Pourtant, quand le Duc posa une main sur la sienne, elle eut un petit sourire des plus factices.

— Voilà... un revirement de situation des plus inattendus, fit Célestin en les étudiant attentivement.

— C'est pour le mieux, rit son maudit fiancé. Nous sommes faits pour nous entendre.

— Oh... Quel conte de fées, ma chérie !

Sa mère. Elle, pour le coup, était réellement en émoi. Bloquée dans sa robe vert pomme, elle souriait comme au jour de l'ouverture de la lettre cachetée aux armes des Millicent. Elle semblait sincèrement heureuse de ce beau mariage.

Les préparatifs pour les fiançailles commencèrent. La chose étant essentiellement féminine selon lui, le Duc en laissa toute la charge aux femmes. Au bout de deux heures, face à sa mauvaise volonté dans le choix des fleurs, sa mère l'envoya prendre l'air. Soulagée d'abandonner les questions triviales de sa tenue, de ses bijoux et des convives présents, Angèle se réfugia dans les jardins.

Là, elle se sentit bien mieux. Perdue au milieu de la végétation domptée, elle remonta les allées de gravier fin, cernées par les buissons. Presque aussitôt, les oiseaux vinrent se poser sur leurs branches, lançant des trilles joyeux à son passage. Quelques lapins sortirent le bout de leur nez rose. Elle aperçut même un hérisson dont la curiosité sans bornes la fit sourire.

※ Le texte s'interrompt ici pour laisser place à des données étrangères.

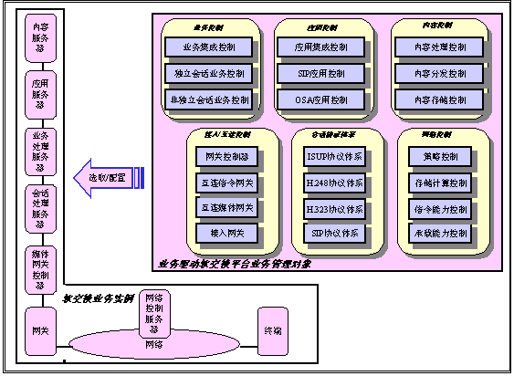 我們已經(jīng)看到,軟交換技術(shù)支持的電信業(yè)務(wù)能力一直在不斷發(fā)展,開發(fā)新的電信業(yè)務(wù)已經(jīng)成為電信運(yùn)營商市場競爭的重要條件。事實(shí)上,業(yè)務(wù)能力是電信運(yùn)營商或是電信用戶關(guān)心的基本問題,而不是實(shí)現(xiàn)這種業(yè)務(wù)的具體的技術(shù)和體系結(jié)構(gòu)。選擇何種技術(shù)和結(jié)構(gòu),則是電信運(yùn)營商依據(jù)自有的資源做出的選擇。因此,業(yè)務(wù)驅(qū)動的軟交換平臺需要根據(jù)實(shí)際的情況選取合適的技術(shù)和結(jié)構(gòu)實(shí)現(xiàn)所需的業(yè)務(wù)。我們把實(shí)現(xiàn)電信業(yè)務(wù)中涉及的要素稱為業(yè)務(wù)管理對象。軟交換平臺涉及到以下的六類業(yè)務(wù)管理對象:會話協(xié)議體系、接入/互連控制、業(yè)務(wù)控制、應(yīng)用控制、內(nèi)容控制和網(wǎng)絡(luò)控制。會話協(xié)議體系是任何電信業(yè)務(wù)的基礎(chǔ)。對接入、互聯(lián)、業(yè)務(wù)、應(yīng)用和內(nèi)容的控制也是建立電信業(yè)務(wù)所必需的。網(wǎng)絡(luò)控制涉及到一個(gè)新業(yè)務(wù)和網(wǎng)絡(luò)全局的關(guān)系。除了平臺管理業(yè)務(wù)之外,每個(gè)業(yè)務(wù)管理對象均包含一個(gè)可選擇/可設(shè)計(jì)的集合,供業(yè)務(wù)設(shè)計(jì)時(shí)使用。所有這些業(yè)務(wù)管理對象的集合,構(gòu)成了業(yè)務(wù)驅(qū)動軟交換平臺的控制功能的整體。下圖給除了業(yè)務(wù)驅(qū)動軟交換平臺上的業(yè)務(wù)管理對象,以及從這些業(yè)務(wù)管理對象映射的軟交換系統(tǒng)實(shí)例。
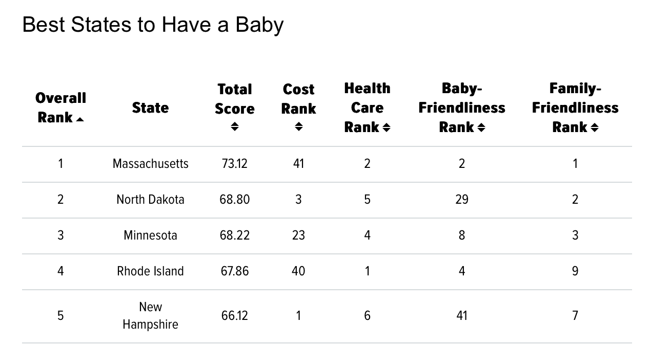 “The best states for having a baby minimize costs while providing top-notch care for both newborns and their mothers,” said Cassandra Happe, an analyst for Wallethub. “They also continue to be good environments for parents even long after the birth, with high-quality pediatric care, affordable and accessible child care, and a strong economic environment that makes providing for a child easier.”

Au bout d'une dizaine de minutes, suivie de son cortège de curieux, elle réalisa à quel point elle s'était éloignée du château. Imposant, il se trouvait en contrebas. Le blanc de ses murs contrastait avec son toit en ardoise, ainsi qu'avec la végétation environnante. Il semblait sorti tout droit d'un conte de fées, en vérité.

Elle réalisa son erreur à l'instant où les lapins et oiseaux disparurent avec des bruits effrayés. La seconde suivante, une silhouette tombait devant elle. La vampire de la veille. Elle portait toujours les mêmes vêtements, souillés de son sang.

— Tu as une bonne odeur, ma belle, siffla-t-elle méchamment. C'est de cette façon que tu l'as attirée, pas vrai ?

— Tu es coriace, toi.

— Je ramènerai ta carcasse en trophée !

Je n'aurais jamais le temps de sortir mon pistolet, réalisa-t-elle en guettant les mouvements de la vampire. Elle allait devoir faire une chose qu'elle détestait : courir. Ni une, ni deux, elle tourna les talons, les jupes remontées sur ses mollets. Par chance, l'autre aussi était en robe. Malheureusement, les gens de son espèce étaient dotés de capacités étonnantes.

Sa seule chance était de trouver les autres humains. Aussi assoiffés puissent-ils être, les vampires tentaient de rester discrets... Mais la règle ne s'appliquerait peut-être pas à celle-ci. Bigre, elle la talonnait !

À l'aveugle, elle tourna au coin d'un buisson, maudissant le fin gravier qui la ralentissait. Ne connaissant pas les lieux, elle devait compter sur un petit peu de chance... Des bruits ?

— Tu ne peux pas m'échapper ! ricana l'autre, quelques pas en arrière.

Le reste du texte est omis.